Using Sutro & Co. as underwriter, Oates tried unsuccessfully to refinance the Nicolaus Road assessment district last year.
When that deal fell through, the city hired First California Capital Markets Group to do a Marks-Roos refinancing that included Oates' assessment district.
Bruce Kemp, project manager for Oates, said he and Oates told Lincoln officials "in numerous letters and meetings, 'Leave us alone. We don't want to be mixed in with anybody else.' It is our property. We're paying debt on it."
Despite their pleas, Kemp said, Lincoln refinanced the district by using the pooling structure that essentially resulted in Oates owing the original amount outstanding before the deal. Oates received no significant break in assessment payments, Kemp said.
Had First California known Oates "did not want to be part of this" financing, "we would not have included" the Nicolaus Road assessment district in the refunding, said David Fitzgerald, a vice president with First California.
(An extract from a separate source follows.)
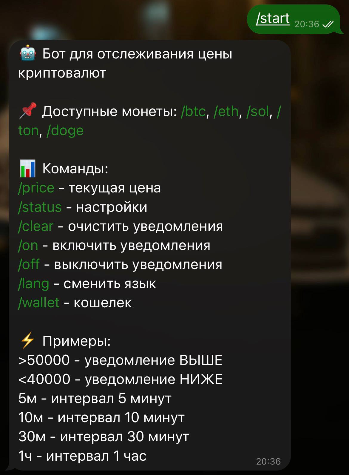 Бот для отслеживания цены криптовалют, подходит для трейдеров.

Oates' company "never said, 'We don't want to be part of this,'" Fitzgerald said. He said he believes that Oates was in favor of the refinancing, at least at first, because Oates expected it to net him "as much as $500,000 in savings. Instead, [Oates] ended up with far less than that amount. That's where the sour grapes came in."
Overall savings on the transaction were hurt by rising interest rates, Fitzgerald said.
"We had to reprice it a couple of times," Fitzgerald said. "Instead of hitting a home run, we got a double."
While soft market conditions hurt the Lincoln refinancing, Fitzgerald and other municipal market observers said the Marks-Roos refunding structure will be used with increasing frequency in the future.
At the same time, straight assessment refundings will decrease because such straightforward assessment refundings are becoming "more and more difficult to do," said Stephen Casaleggio of the San Francisco bond counsel firm Jones Hall Hill & White.
The justification for refunding assessment bonds remains, Casaleggio said, that "you are trying to take out old bonds that bear high interest rates." But to accomplish that goal, the issuer must create a reserve fund and pay costs of issuance. "So the savings aren't there," he said.
With a Marks-Roos structure, Casaleggio said, "You save huge amounts of money by putting the reserve fund for the assessment deal in the Marks-Roos structure." Without needing to fund a separate reserve fund, "that saves the issuer 5% or 10%."
The pooling technique allowed under the Marks-Roos act allows refinancings "that otherwise wouldn't do very well on their own," Casaleggio said.
And savings on the refinancing can be used by the city in any way its officials want, observers said.
"We don't say what they should do with their cost savings," Fitzgerald said, adding that he does not know "if it is a good idea or a bad idea" for city officials to pass along only nominal savings to property owners in the Nicolaus Road assessment district.
But speaking generally, Fitzgerald said, "Cities are trying to make money any which way they can."
The deal paid First California $417,500 in compensation, a 2.5% underwriter's spread, according to the official statement.
First California officials "are selling a lot of unrated paper, and there also is underwriting risk," said John Myers of Orrick, Herrington & Sutcliffe, the issue's bond counsel. First California "may have earned every penny of that," Myers said.